EXERCISE -
From the line containing "⑤ Google Assistant" through the last line of the entries below, print each line exactly. Pictures stay out.

DATA PROVIDED -
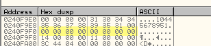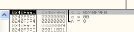 В стеке находятся вышеуказанные параметры: область памяти по адресу 240f9f0 продолжительностью в 8 байт должна быть заполнена нулями.
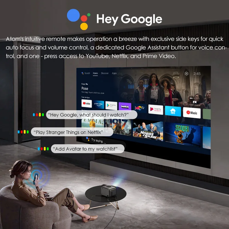 ⑤ Google Assistant Built-in: Control your projector with just your voice.
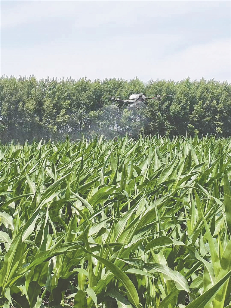 前进镇东兴现代农机农民专业合作社的无人机专业飞防大队,成为田间管理的重要力量。镇农业服务中心主任赵长松介绍,目前该合作社共有45台套大疆T60型号无人机,专业技术飞手27人,不仅完成自家合作社的飞防作业,还为全镇及周边乡镇提供服务。“这些无人机可帮了我们大忙,相比传统人工,无人机飞防效率提高50倍以上。2025年作业队飞防作业面积预计可达到50多万亩,实现利润100余万元。”赵长松感叹道。按照喷施作物需求,将配比搅拌后的生物制剂加入植保无人机后,工作人员只需操控手柄,无人机便按照预设的航线与高度开展喷洒作业。
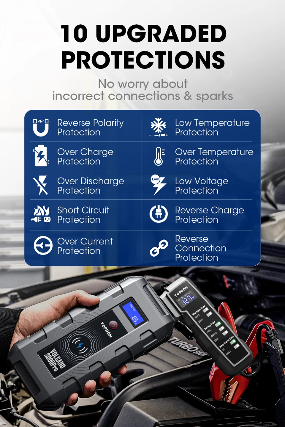 Премиум медные зажимы и 10 защитных защит делают V2000 автомобильный стартовый аккумулятор безопасным для любого использования. Запуск вашего автомобиля, не беспокоясь о искрах, если он подключен неправильно. Этот стартер прошел все UL2743, FCC, CE, PSE и ROSH правила. Защита включает защиту от обратной полярности, защиту от обратного подключения, защиту от перезаряда и перезарядки, защиту от короткого замыкания и многое другое.
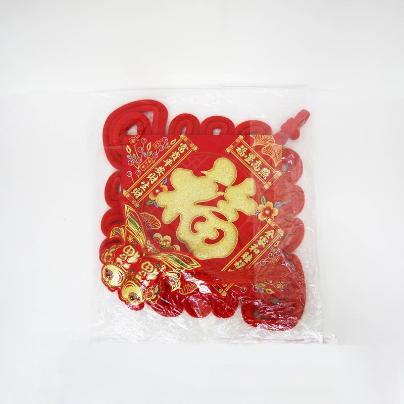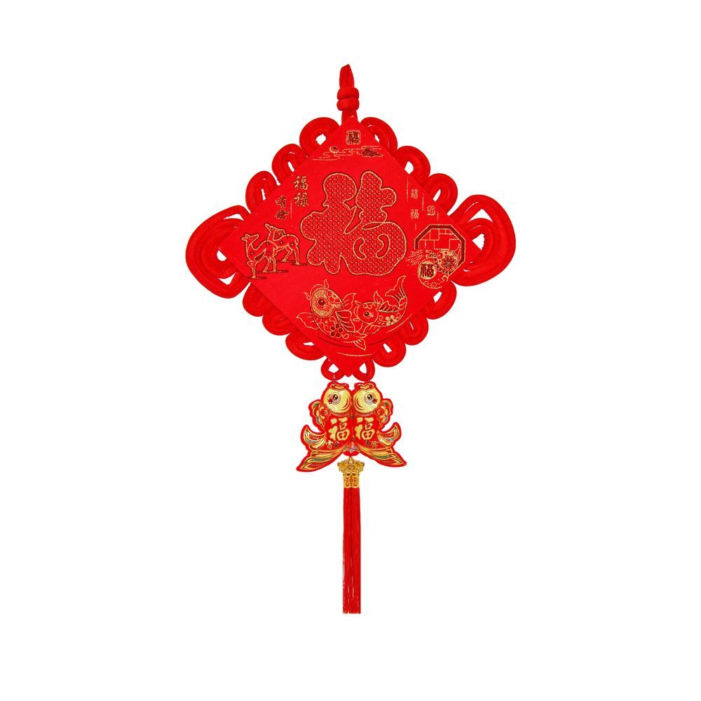 Традиционный китайский узел в форме ромба с символичным дизайном. Яркое сочетание красного бархата и золотых элементов создает эффектный акцент в интерьере.

COMPLETED TASK -
 ⑤ Google Assistant Built-in: Control your projector with just your voice.
 前进镇东兴现代农机农民专业合作社的无人机专业飞防大队,成为田间管理的重要力量。镇农业服务中心主任赵长松介绍,目前该合作社共有45台套大疆T60型号无人机,专业技术飞手27人,不仅完成自家合作社的飞防作业,还为全镇及周边乡镇提供服务。“这些无人机可帮了我们大忙,相比传统人工,无人机飞防效率提高50倍以上。2025年作业队飞防作业面积预计可达到50多万亩,实现利润100余万元。”赵长松感叹道。按照喷施作物需求,将配比搅拌后的生物制剂加入植保无人机后,工作人员只需操控手柄,无人机便按照预设的航线与高度开展喷洒作业。
 Премиум медные зажимы и 10 защитных защит делают V2000 автомобильный стартовый аккумулятор безопасным для любого использования. Запуск вашего автомобиля, не беспокоясь о искрах, если он подключен неправильно. Этот стартер прошел все UL2743, FCC, CE, PSE и ROSH правила. Защита включает защиту от обратной полярности, защиту от обратного подключения, защиту от перезаряда и перезарядки, защиту от короткого замыкания и многое другое.
 Традиционный китайский узел в форме ромба с символичным дизайном. Яркое сочетание красного бархата и золотых элементов создает эффектный акцент в интерьере.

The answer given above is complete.